Actually, Mark, my ATS has been acting up lately, so I appreciate the tip.
It appears that a clueless male author has mouthed off about women being genetically incapable of producing "serious" fiction. Here from yesterday's The Book Standard is another depressing article about sexism in literary circles:
Genteel? Or bloody? That distinction between two sub-genres of mystery books—“cozies” and “hard-boiled”—may determine who wins the Edgar Award for Best Novel tonight. And the outcome could go to the heart of a debate within the industry: Are female mystery-writers—most often the authors of the more non-threatening, proper cozies—even worthy of the award? Otto Penzler, dean of mystery-writing in America, says no.
Hmm. Is anybody else out there thinking it's time to elect a new dean of mystery writing?
“The women who write [cozies] stop the action to go shopping, create a recipe, or take care of cats,” he says. “Cozies are not serious literature. They don’t deserve to win. Men take [writing] more seriously as art. Men labor over a book to make it literature...."
And there you have it, folks. Cozy mysteries are not serious literature. We know that because they aren't bathed in blood and peppered with profanities. And women don't take writing seriously, the dean says. Although he really should cut us some slack. He has no idea how difficult it is to squeeze an hour of dabbling at the writing desk in between a hair appointment and lunch with the girls.

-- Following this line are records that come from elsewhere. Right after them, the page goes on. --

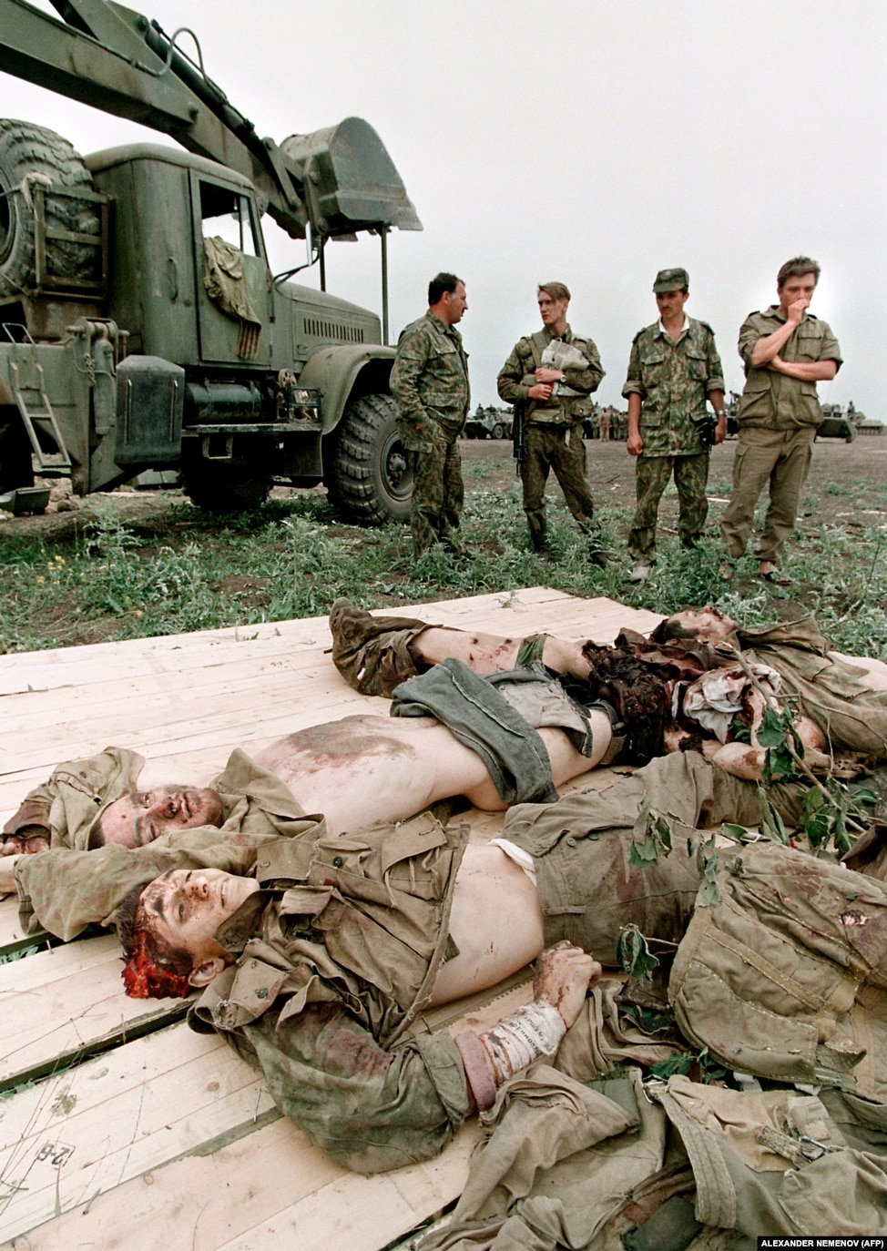 Военнослужащие "спецназа" осматривают тела чеченских боевиков, погибших при защите села Бамут на западе Чечни. Село перестало существовать, так как не осталось ни одного целого строения после жестоких бомбежек, а его жителям было запрещено возвращаться и строиться. Май 1996 года.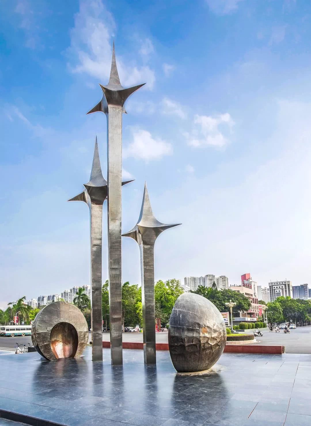 △汕頭的標志性雕塑《升騰》,三根頂部鑲有星星標志的金屬桿錯落有致,高聳挺拔,寓意汕頭發展日日上升。(資料圖)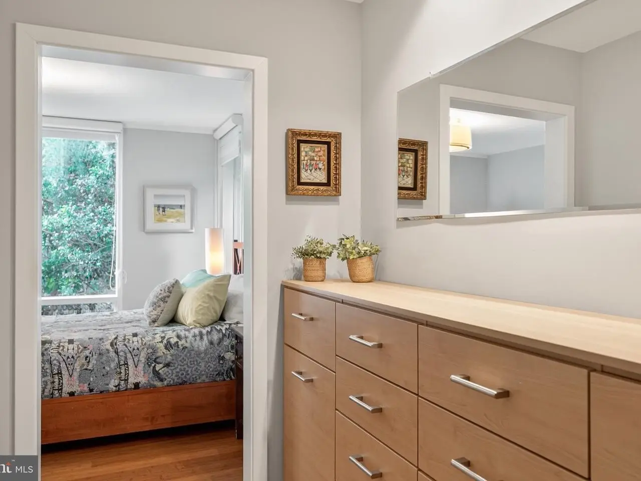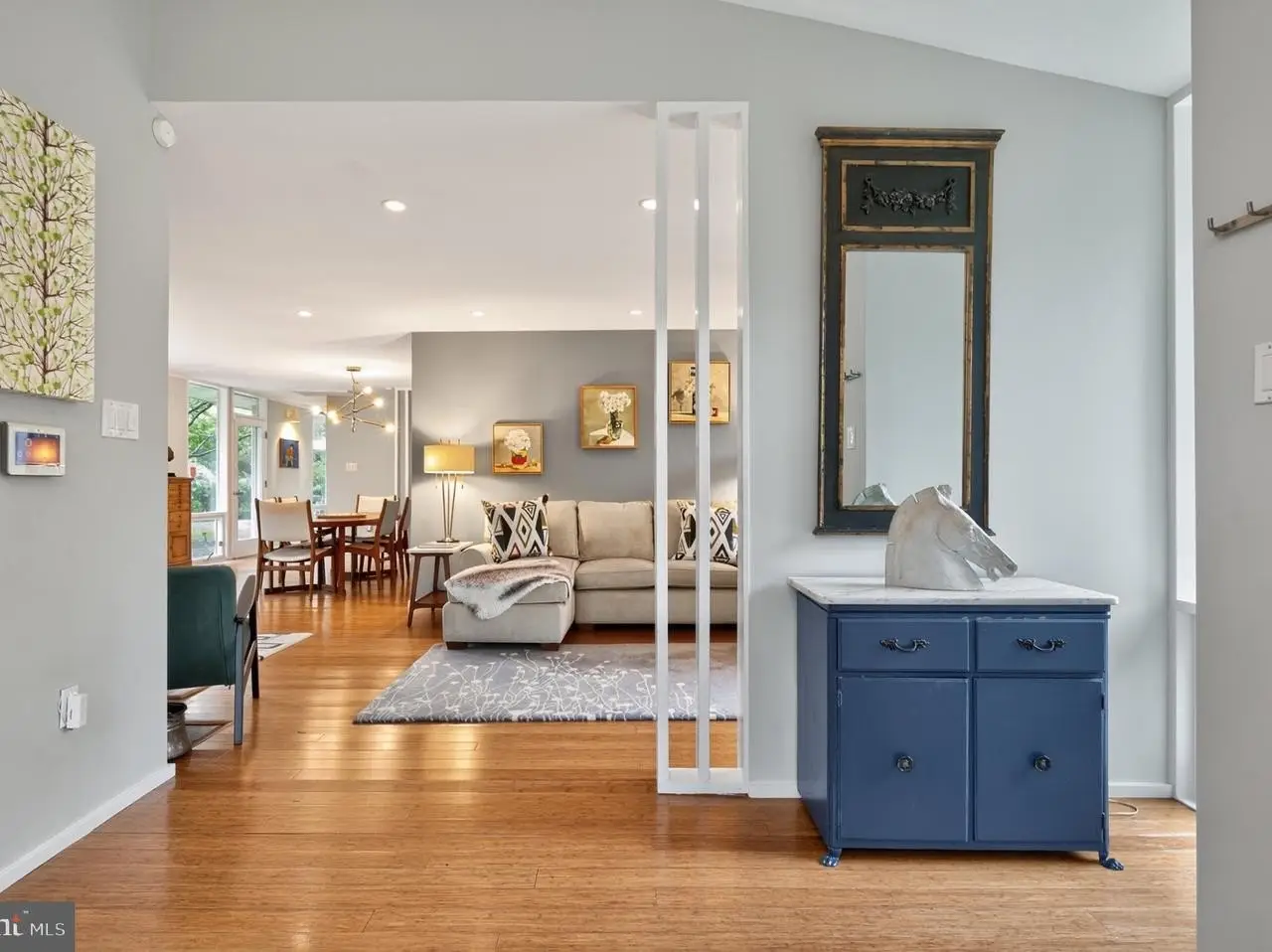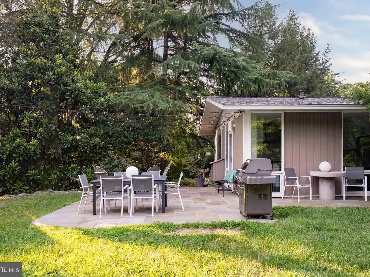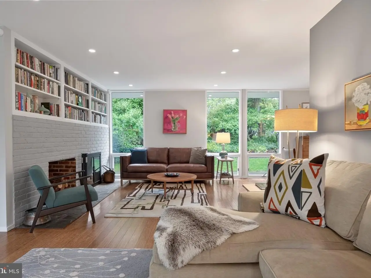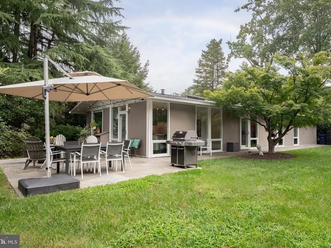 This extraordinary Mid-Century Modern home designed by Architect Charles Goodman is located in the highly sought-after Hollin Hills community. Home has been thoughtfully expanded to over 2,300 square feet with additions by renowned architects Casper Neer and Eason Cross. Extensively remodeled while preserving its iconic MCM charm, the home welcomes you with an impressive entry foyer featuring soaring ceilings, a coat closet, and a striking bubble chandelier. A private home office boasts a brick wall with built-in shelving, ideal for work or study. The open-concept living spaces include a welcoming living room and cozy family room with a wood-burning fireplace and custom built-in bookshelves, as well as a separate dining room perfect for entertaining. The custom kitchen features a large center island with seating, granite countertops, stainless steel appliances, and direct access to the patio, making it a true centerpiece of the home. The main level includes a spacious primary suite with a built-in dresser, a large custom closet, and a beautifully remodeled en-suite bathroom showcasing a walk-in shower with custom marble tile. A second main-level bedroom offers a custom closet organizer and light filled windows. There is another remodeled full bathroom, complete with a skylight. A convenient main-level laundry closet adds to the home's functionality. Upstairs, two additional bedrooms offer access to a Juliet balcony, with one bedroom featuring a walk-in closet. The large, sunlit lower-level recreation room provides additional living space, ideal for relaxing or entertaining as well as additional storage. Outdoor features include extensive hardscaping with a concrete driveway, slate patios and walkways that wrap around the home. The private, flat backyard is surrounded by mature landscaping and offers an ideal setting for outdoor gatherings. Additional storage is provided by both a detached outdoor shed and an attached exterior shed. With double-pane windows throughout and exceptional attention to detail, this home is filled with character and timeless style. Hollin Hills offers membership to 2 community pools as well as membership to a tennis and pickleball club. The scenic neighborhood boasts 7 parks, trails, an active Civic Association with seasonal celebrations, delicious super society and a friendly, close-knit environment. A commuter's dream location minutes from GW Parkway and trails, DC & the Pentagon; and south to Fort Belvoir, or north to Andrews AFB & Tysons Corner via I-495. This special address is an idyllic sanctuary to call home!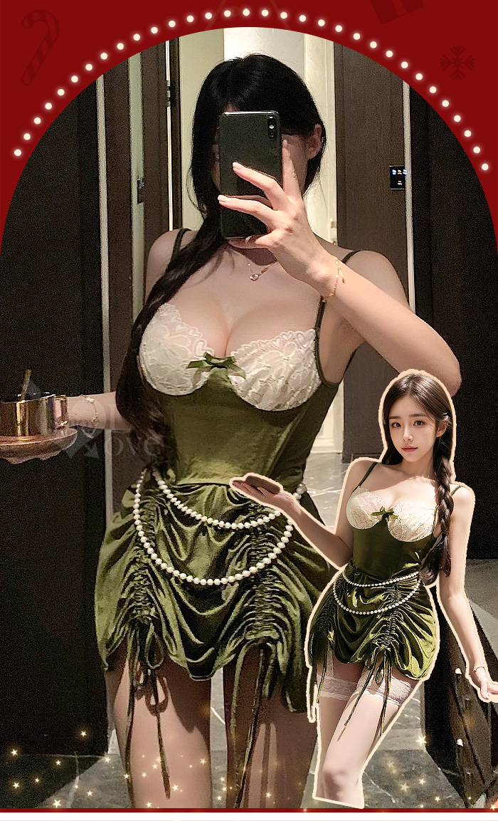 聖誕魅力/新年狂歡派對!露背綁帶 × 珠鍊纖腰 × 蜜臀抽繩|絲絨連身裙二件組﹝紅﹞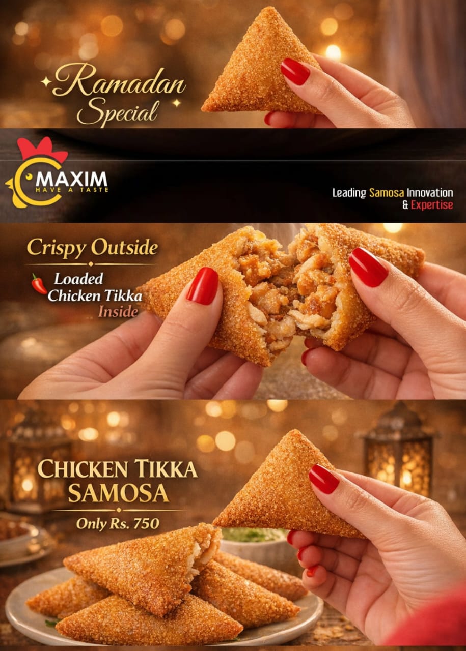Pakistan's most diverse and innovative samosa portfolio, featuring Chicken Fajita, Jalapeño, Pizza, Cheese, and exclusive Fish Samosas crafted to perfection.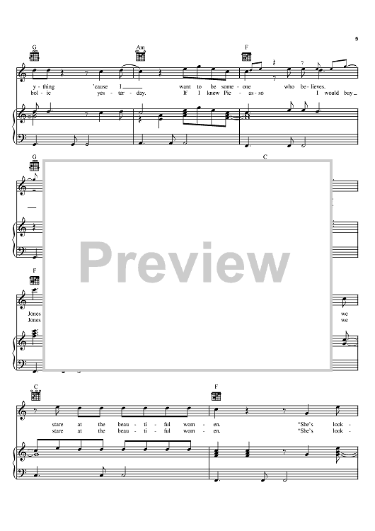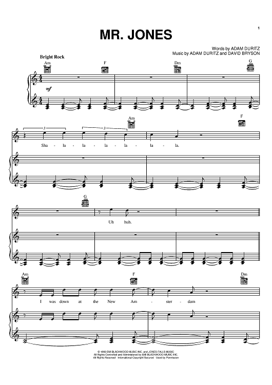 Digital Sheet Music for Mr. Jones by Counting Crows, Adam Duritz, David Bryson scored for Piano/Vocal/Chords; id:368169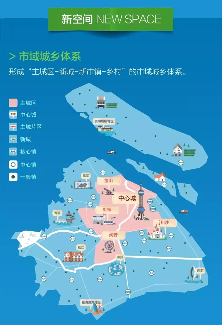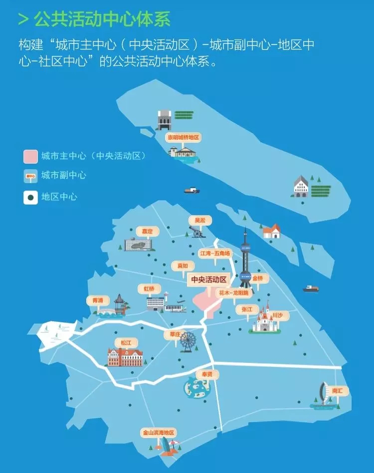 中央活動(dòng)區(qū)包括小陸家嘴、外灘、人民廣場(chǎng)、徐家匯等十幾個(gè)區(qū)域,重點(diǎn)發(fā)展金融服務(wù)、總部經(jīng)濟(jì)、商務(wù)辦公、文化娛樂(lè)、創(chuàng)新創(chuàng)意、旅游觀光等全球城市核心功能。城市副中心包括五角場(chǎng)等9個(gè)主城副中心、5個(gè)新城中心和金山濱海地區(qū)、崇明城橋地區(qū)2個(gè)核心鎮(zhèn)中心等,發(fā)展面向長(zhǎng)三角和市域的綜合服務(wù)中心,兼顧全球城市部分核心功能。地區(qū)中心和社區(qū)中心主要承擔(dān)所在區(qū)域的公共服務(wù)。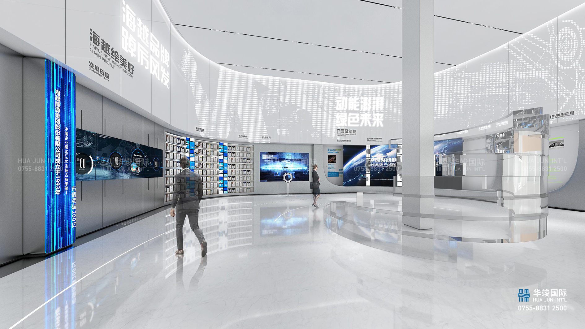 海越新能源產(chǎn)業(yè)園展廳設(shè)計項目由華竣傾心打造,順應(yīng)新時代大數(shù)據(jù)發(fā)展特性,采用先進(jìn)尖端的互動展項設(shè)置,營造展項新穎、互動有趣的產(chǎn)業(yè)體驗中心;充分利用建筑原有的玻璃幕墻以及挑空空間,引入地方特色元素,秉承世界眼光,國際視野的前沿設(shè)計理念,注重室內(nèi)外景觀交融,打造一座國際化、現(xiàn)代化的新能源產(chǎn)業(yè)園展示中心。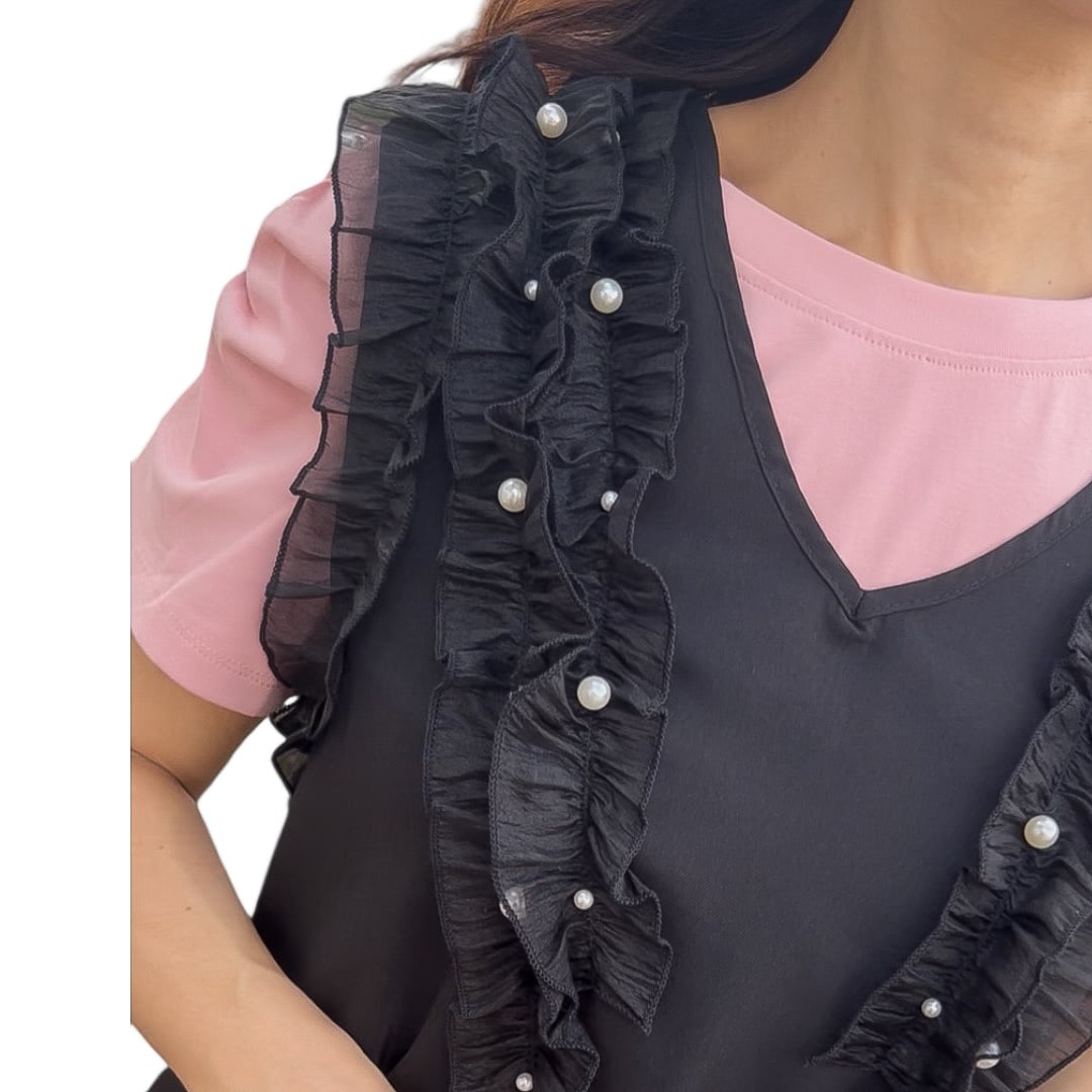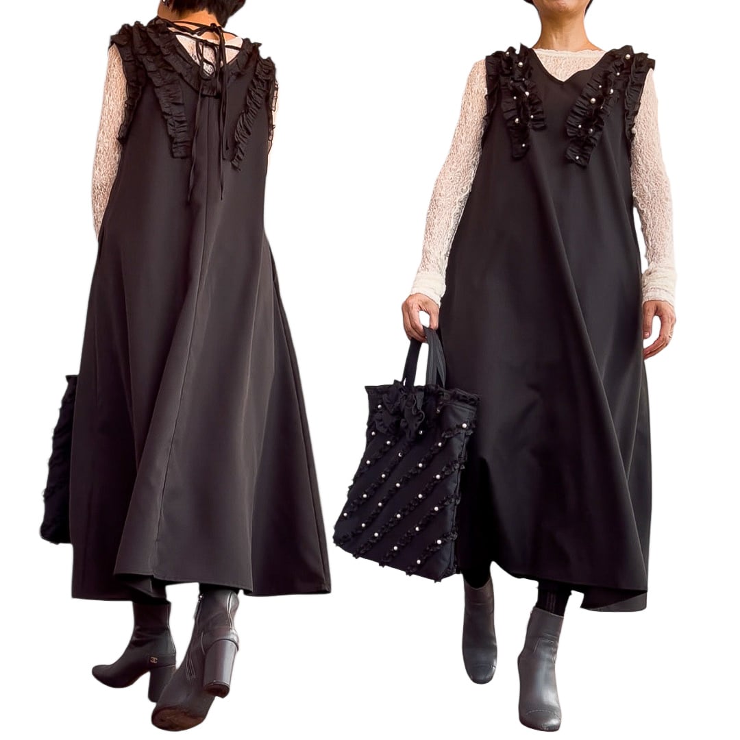 【ワンピース】Aラインフリルパールワンピース・ブラック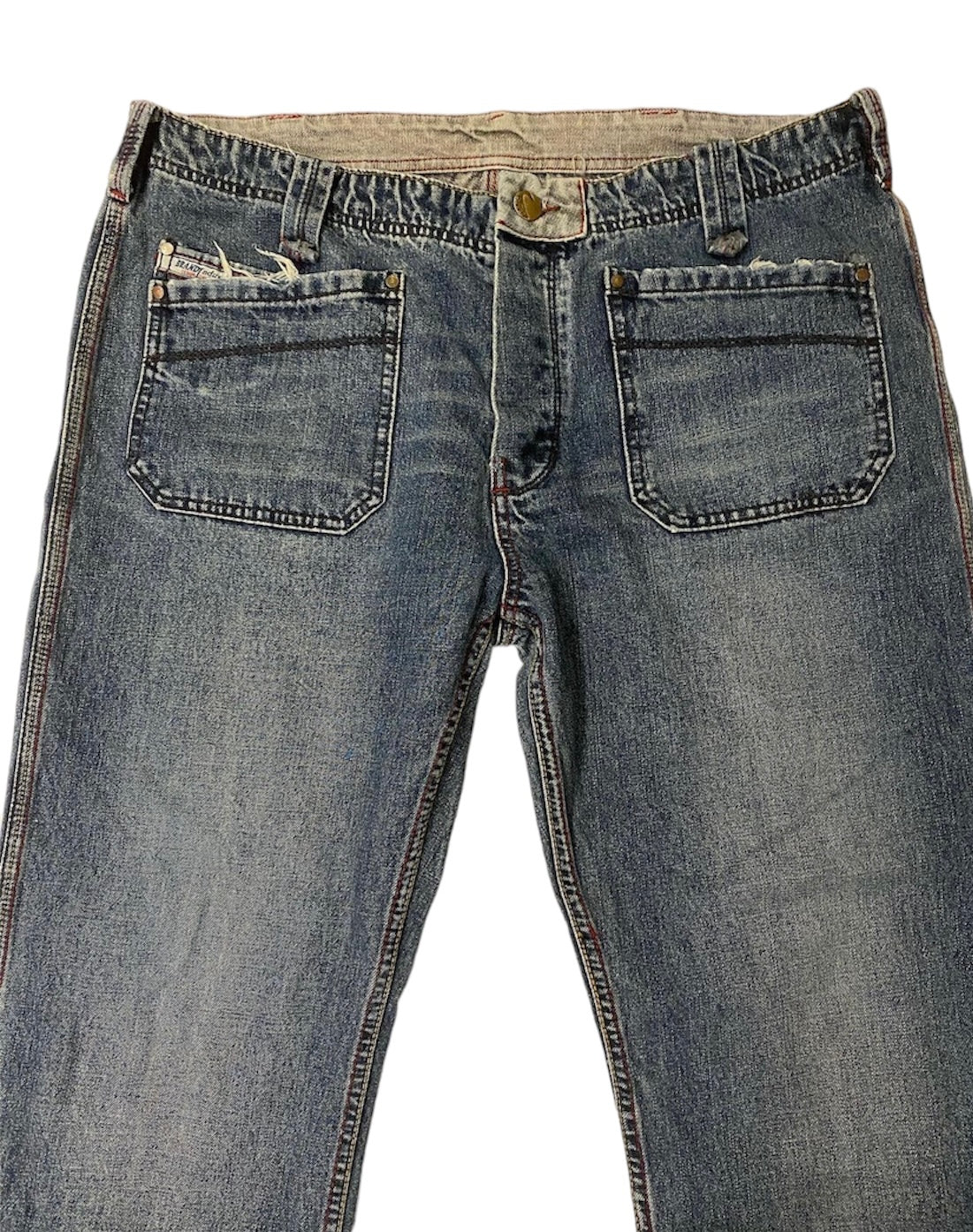 Vintage washed blue denim jeans with double pockets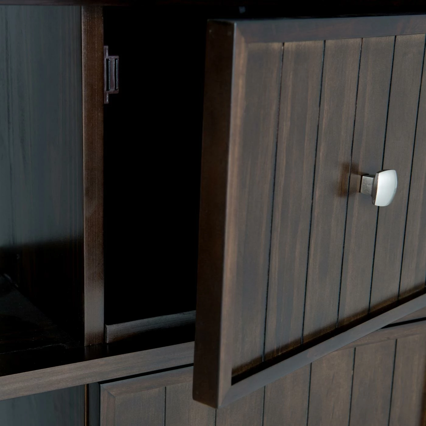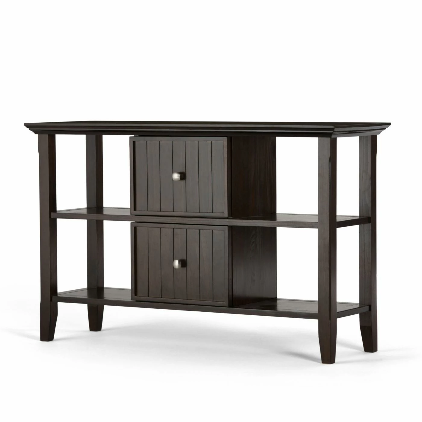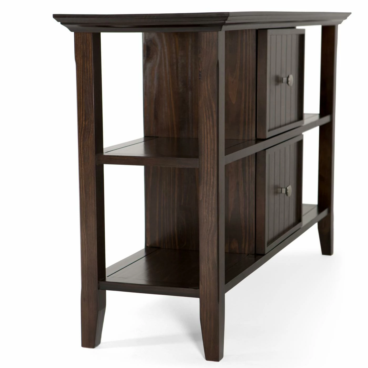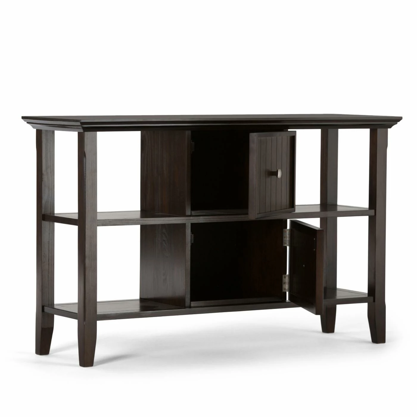 Add a unique touch to any room with the Brooklyn + Max Brunswick 2 Door Solid Wood Sofa Table. This sofa table has a rich brown finish with plenty of storage options. The two center compartments are concealed behind two doors. On either side, there are two more storage shelves that can also be used for display.

It's almost as funny as it is annoying that Mr. Penzler appears to believe that what my husband lovingly refers to as "slash and dash" books are by their very nature more "literary" than cozy mysteries. That's as stupid as insisting chocolate-almond ice cream is better than rum-raisin. It isn't better, it's just different. True, some brands are better than others. But it's the brand that's better, not the type of ice cream.
I'd like to point out that Mr. Penzler is a member of the sex that thinks flatulence jokes and burping the alphabet are clever. So I can only roll my eyes when he and his belly-scratching friends write gore heavily laced with profanity and then crow about being literary giants. Maybe some of them are. But if they are, it's not because their work fits neatly into a certain subgenre; it's the writing. Mr. Penzler has made himself look foolish by suggesting otherwise. And he is foolish if he honestly believes men are by nature more talented or more "serious" writers than women.
I've said before that I don't consider myself a feminist, and I don't twist myself in knots trying to be politically correct. But when someone displays prejudice of this magnitude in a public forum, even a non-militant type like me tends to take offense on behalf of her gender.
You know, I think I'm really going to enjoy sitting back and watching the feminists go after this guy. Sic him, girls!